Ailede anne ve babadan sonra en önemli unsur çocuktur. Türklerde nesli devam ettirdiği için çocuklara çok önem verilirdi. Çocuk sahibi olmak hayli önemli, kıymetliydi. Onun terbiyesine ve yetişmesine çok dikkat edilirdi. Sürekli korku içinde, sert kurallar, disiplinler dâhilinde yetiştirilmez, Ona ağır şiddet ve işkenceler uygulanmazdı. Tabi ki yaptığı yanlış doğrultusunda çocuk cezalandırılırdı ama bu bir imtihan algısıyla yapılırdı.

Türkler çocuk eğitimine çok dikkat ederler, onun hayata iyi hazırlanması için bilinçlendirirlerdi.
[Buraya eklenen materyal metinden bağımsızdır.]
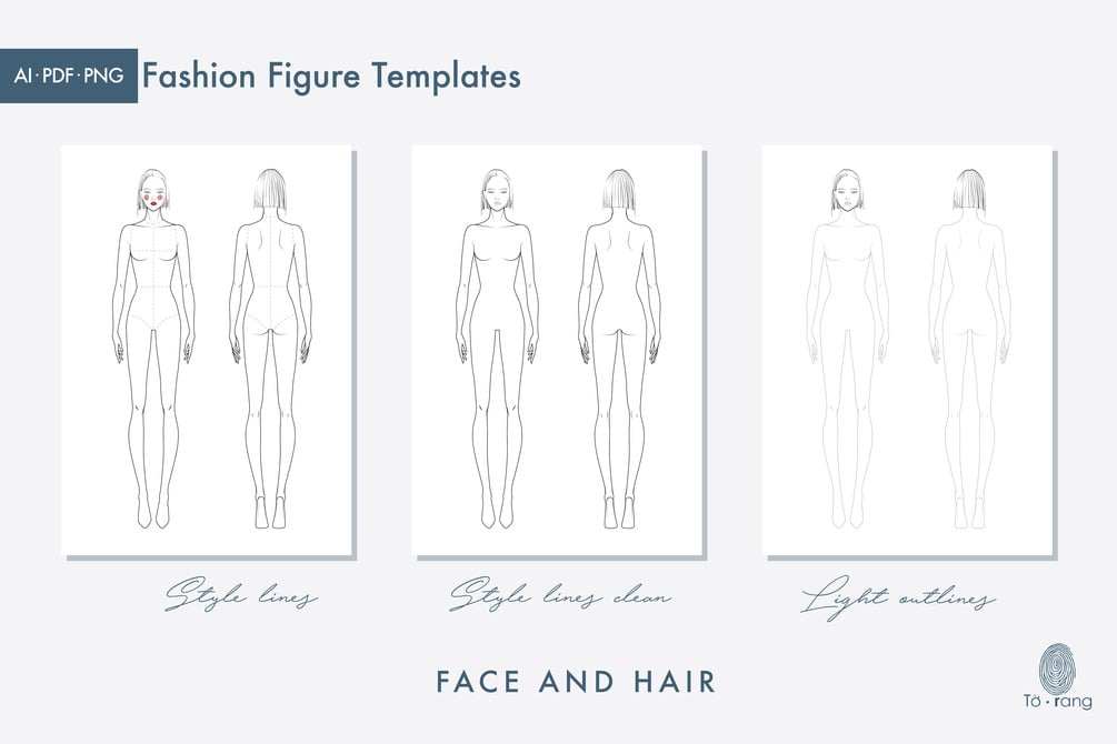 Female Fashion Figure Templates - Front and Back Views

Eski Türklerde, çocuğa küçük yaşlarda ata binme, savaş ve avcılık eğitimi aldırılırdı. Çocuğa küçük yaşlarda töre bilinci aşılanırdı. Bu aile içi eğitimle sağlanırdı. Nakledilir, demiş ki Dede Korkut: “ Kız Anadan Görmeyince Öğüt Almaz, Oğul Atadan Görmeyince Sufra Çekmez” Ailelerde bu doğrultuda çocuklarına iyi örnek olmaya çalışmışlar ve bu yönde öğütler vermişlerdir.
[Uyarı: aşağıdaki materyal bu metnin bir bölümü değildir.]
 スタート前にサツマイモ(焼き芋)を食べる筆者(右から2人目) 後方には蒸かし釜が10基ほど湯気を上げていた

Türkler çocuğu bir “Tanrı Emaneti” olarak görmüşler ve ona bu şekilde yaklaşmışlardır. İslamiyet kabulünden sonrada Peygamber Efendimizin çocuklara karşı davranışını kendilerine ölçü edinmişlerdir.
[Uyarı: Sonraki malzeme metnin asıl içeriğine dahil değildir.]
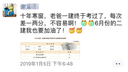 成功會遲到卻不曾缺席,2017年,謝守衛(wèi)通過經(jīng)濟(jì)與法規(guī)科目,2018年,通過管理與實務(wù)科目。十年磨“一建”,謝守衛(wèi)用他的堅持與努力向我們詮釋了一句話:想要學(xué)有所成,有所收獲,就必須要努力地去堅持!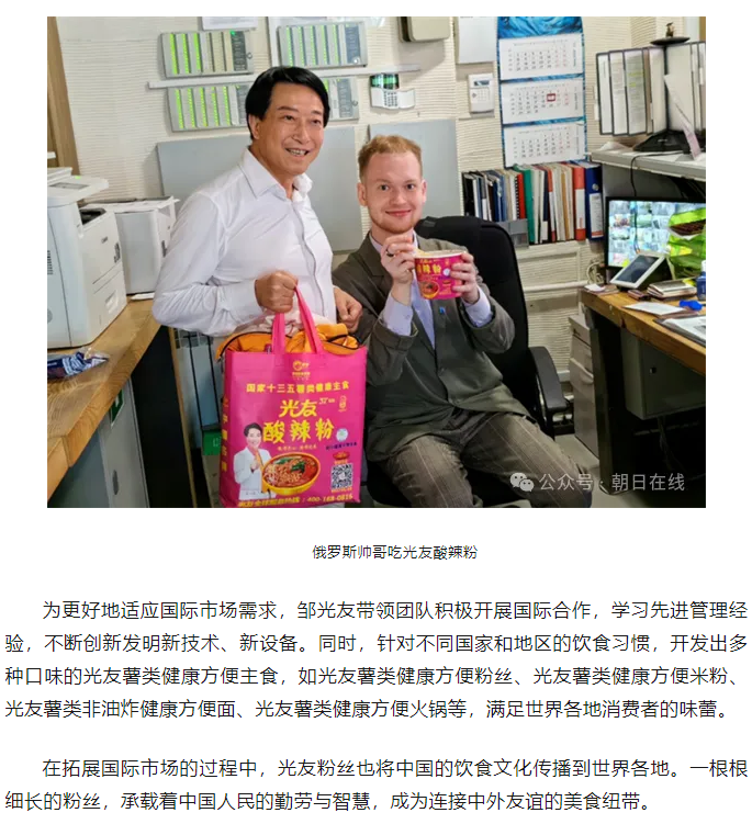 轉載朝日在線(xiàn)——鄒光友33年專(zhuān)注一根紅薯粉絲 暢銷(xiāo)全世界

Çocuk Türk Töresinde ülkenin ve milletin gelecek nesildeki teminatı olması hasebiyle dini ve milli terbiyeyle yetiştirilmesine, Ona Türk Töresinin dinamiklerinin anlatılmasına dikkat edilmiştir.

Çocuk Türk Töresinde o kadar önemsenmiş ki, Türk Milletinin en buhranlı döneminden büyük zorluklarla çıkıp, millet egemenliğini, milletin iradesi, büyük azmi ve kararlılıkla sağlayıp milletine armağan ettiği, 23 Nisan 1920 ‘de kendinin seçtiği temsilcilerle kendini yönettiği o kutsal günü çocuklara hediye edip bir bayram coşkusuyla kutlamıştır. Dünyada hiçbir milletin çocuğu böylesi bir övünce sahip değildir.

 

Türk Töresini gelecek nesillere taşıyacak, ülke bütünlüğünü sağlayacak, geleceğin büyük Türkiye’sini kuracak, Şanlı, Kahraman, Aziz Ataların Yiğit Torunları olma şuuruyla vatan ve millet sevgisi doğrultusunda, Türk Töresine bağlı sorumlu ve duyarlı nesiller yetişeceğine inanıyoruz.

Bilvesile Millet Egemenliğinin milletin eliyle yürütülmeye başlandığı Türkiye Büyük Millet Meclisinin 94. Yıldönümü kutlu olsun. Emanetlerinin bekleyicisi ve yılmaz savunucusu olduğumuz başta Ulu Önder Gazi Mustafa Kemal Paşa’yı ve Aziz Dava Arkadaşları, kurtarıcı ve kurucu iradenin kahramanlarını rahmetle, minnetle anıyorum…

Türk Milletinin ve çocuklarımızın 23 NİSAN ULUSAL EGEMENLİK VE ÇOCUK BAYRAMI’NI kutlar saygılarımı sunarım.